Every analyst on—and many off (including yours truly)—Wall Street is trying to put numbers to the results of the Euro Zone’s bank stress test.

In recent days we’ve moved from opinions on which country’s banks will be hit hardest (See my post of yesterday, July 8, Naming names: now we know which 91 European banks will face the none-too-challenging stress test ) to guesses on which banks will pass and which will fail to estimates of how much extra Tier One capital each tested bank will have to raise.

Banks that have to raise a lot of capital but that are shut out of the financial markets right now will require some kind of government rescue. Euro Zone governments have pledged to ride to the rescue but there’s no mechanism yet actually in place for any rescue that’s needed.

All these projections are built on much guess work right now since the terms of the stress test and the Tier One capital requirement that banks will have to meet haven’t been officially disclosed.

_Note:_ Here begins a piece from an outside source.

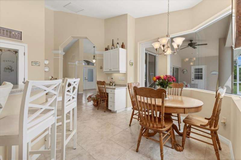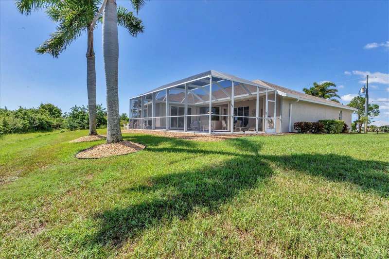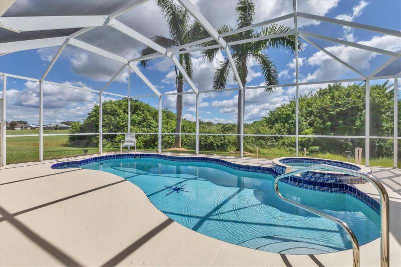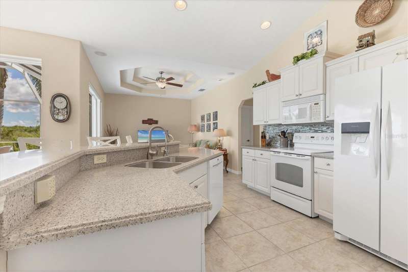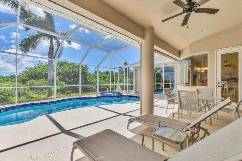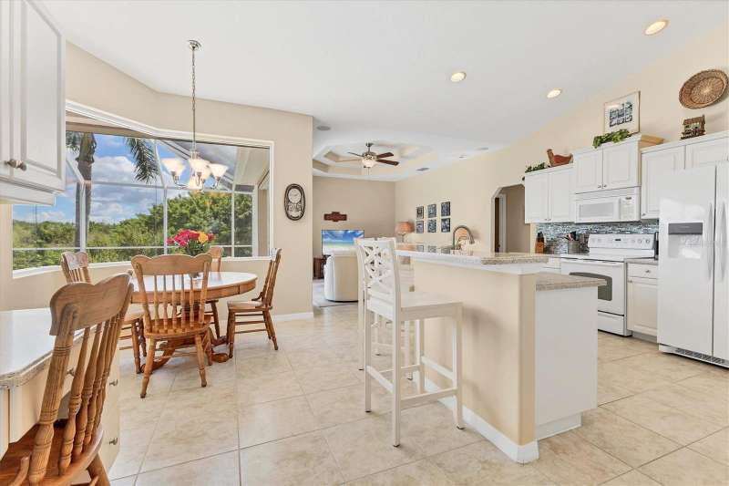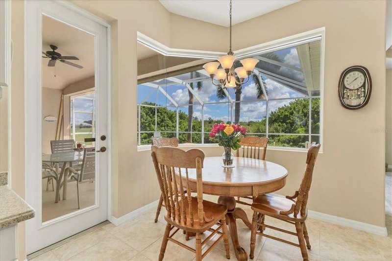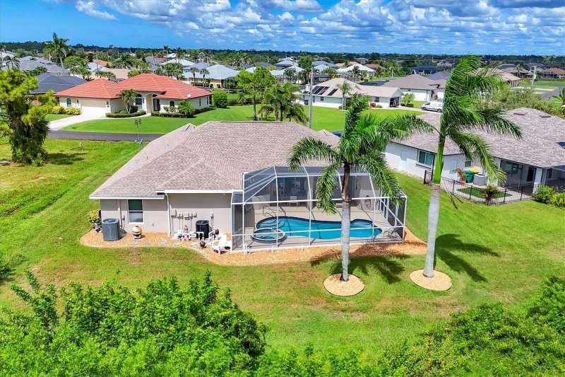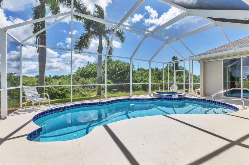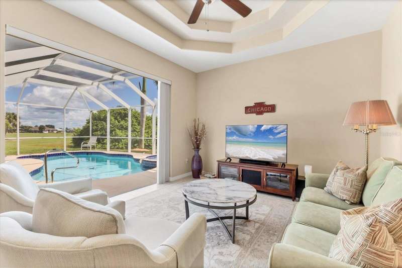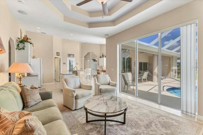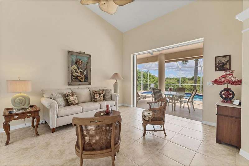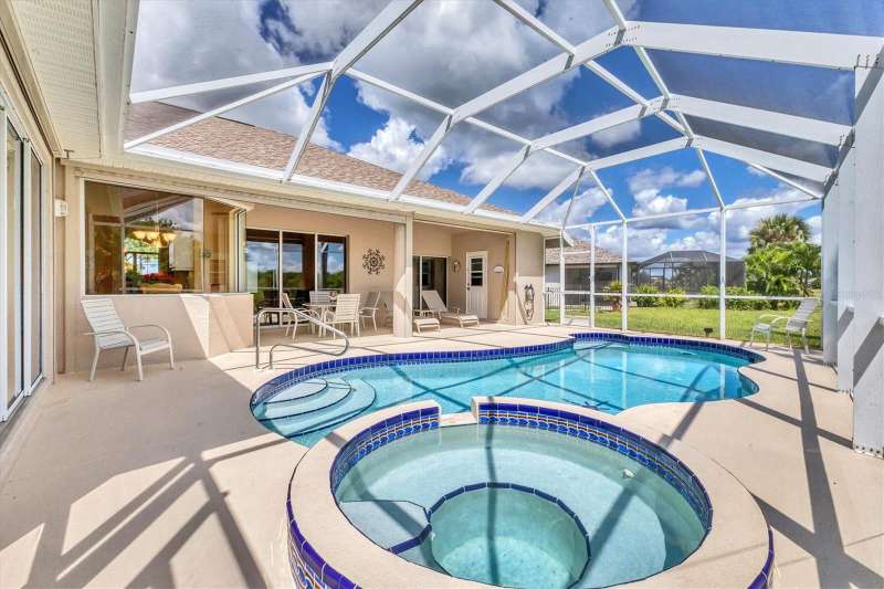 Under contract-accepting backup offers. This beautifully designed 2,036 sqft pool home, built in 2007, offers the perfect blend of comfort, privacy, and Florida lifestyle. Situated on a quiet street in the popular community of Rotonda West, and backing to a lush greenbelt, it provides serene views and a peaceful setting. Inside, 12-foot-high vaulted ceilings and abundant natural light create an airy, inviting atmosphere, with sliding glass doors in both the living and family rooms that fully pocket back to seamlessly connect indoor and outdoor spaces. The spacious kitchen features an island breakfast bar, closet pantry, built-in desk, and a cozy dinette area framed by an aquarium glass window—perfect for casual dining with a view. The 21-foot lanai is enclosed with roll-down screens, offering year-round enjoyment beside the sparkling heated pool and relaxing hot tub. Fabric/Kevlar hurricane shades protect all other windows and doors. The property is in an X flood zone with no history of flooding and no flood insurance required, public water with a kitchen water filtration system, public sewer, a ManaBloc plumbing system with PEX tubing, plus a private well for irrigation. This home is a rare opportunity to enjoy bright, open living in a tranquil and private setting.

One of the best bits of guess work that I’ve seen to date comes out of Credit Suisse. Analysts there project that all the name banks in France and Spain, and almost all the name banks in Germany (Deutsche Postbank will have to raise about $1.8 billion in new capital) will pass the test and won’t need to raise additional capital.

The failures will be concentrated among Greek banks (no surprise) and the regional Landesbanks of Germany and the Caja sector in Spain. (No surprise there either.)

Credit Suisse projects that the Landesbanks will need to raise almost $40 billion in new capital and Spain’s cajas will need to raise $15 billion in capital in the short-term and $75 billion in the long-term.

Those sums are big enough to present a new challenge to the European financial system.

Germany’s government bank rescue fund has a little over $60 billion available. Spain’s equivalent fund has just $15 billion available.

I’d expect that very quickly after the results of the stress tests are announced on July 23 the financial markets will start worrying about how the Euro Zone will fill any capital gaps.